Out-of-range Results

Testing on 8-11 digit numbers (well beyond the 1-7 digit training range):

Test Category Accuracy
both_large (8-11 + 8-11) 99.3% (894/900)
small_large (1-7 + 8-11) 99.6% (2091/2100)
large_small (8-11 + 1-7) 99.8% (2096/2100)

Unlike COT, the model generalized 4+ digits beyond its training distribution with minimal errors.

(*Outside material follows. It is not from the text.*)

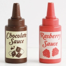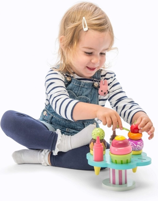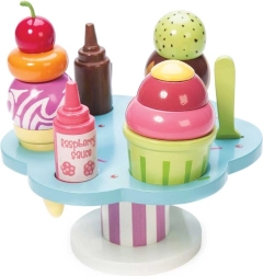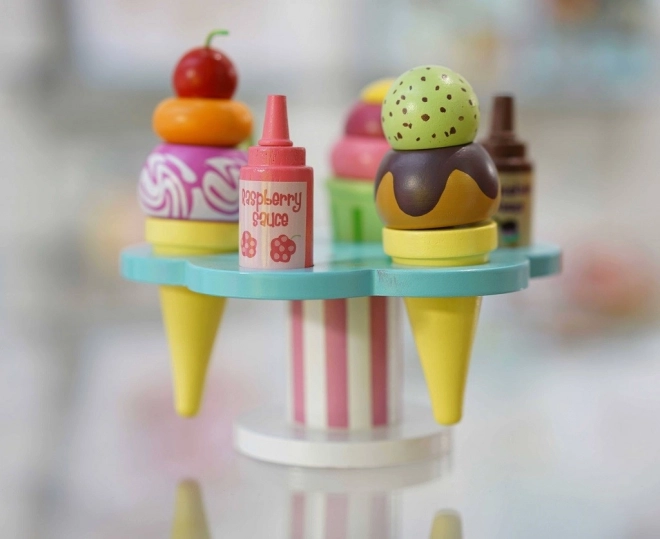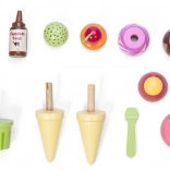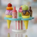 Afneembare bolletjes, hoorntjes en een bekertje nodigen uit om “smaken” te mixen en te versieren met frambozen- of chocoladesaus. Perfect voor een spelletje ijssalon.

Surprising Generalizations

The model also handled formats not seen in training:

Input Output
-12345678 + 876888881 add(12345678, 876888881)
0.1 + 87654321 add(0.1, 87654321)
0.1 + 0.24 add(0.1, 0.24)

It learned to extract number-like tokens, including decimals—though it drops negative signs.

Failure Analysis

The few errors that occurred follow a distinct pattern: digit duplication. The model adds an extra repeated digit at the end of numbers:

Prompt Expected Got
16842957+1773685222=? add(16842957, 1773685222) add(16842957, 17736852222)
sum of 241527736 and 375562333 add(241527736, 375562333) add(241527736, 3755623333)
77043+72111115=? add(77043, 72111115) add(77043, 721111115)
3921334444 + 8630895 = add(3921334444, 8630895) add(39213344444, 8630895)

Instead, it’s an autoregressive stopping problem: during generation, when the model sees a sequence like ...222, it has learned that “more of the same” is likely — and occasionally overshoots, emitting one digit too many.

failures = ['1773685222', '375562333', '616497833', '72111115'] 

for num in failures:
    tokens = tok.encode(num)
    decoded = [tok.decode([t]) for t in tokens]
    print(f"{num}{len(tokens)} tokens: {decoded}")
1773685222 → 10 tokens: ['1', '7', '7', '3', '6', '8', '5', '2', '2', '2']
375562333 → 9 tokens: ['3', '7', '5', '5', '6', '2', '3', '3', '3']
616497833 → 9 tokens: ['6', '1', '6', '4', '9', '7', '8', '3', '3']
72111115 → 8 tokens: ['7', '2', '1', '1', '1', '1', '1', '5']

Notice that failures cluster around numbers with repeated trailing digits. The tokenizer encodes each digit separately (no multi-digit tokens), so this isn’t a tokenization boundary issue.

Conclusion

Approach In-range Out-of-range Failure Mode
COT ~100% 0% generalization Truncates inputs
Tool use 100% 99%+ Occasional digit duplication

One can extend the dataset to handle other arithmetic operations—if addition can be learned this easily, multiplication or division likely can too. The model even showed some ability to extract decimals, though edge cases like negative numbers weren’t handled correctly. COT requires the model to perform arithmetic—tracking carries across variable-length sequences. Tool use only requires the model to extract and copy numbers into a fixed format.

Key insight: by letting the model leverage the CPU for computation rather than teaching complex algorithms. By converting the problem from multi-step reasoning to number extraction, the model generalizes far beyond its training distribution.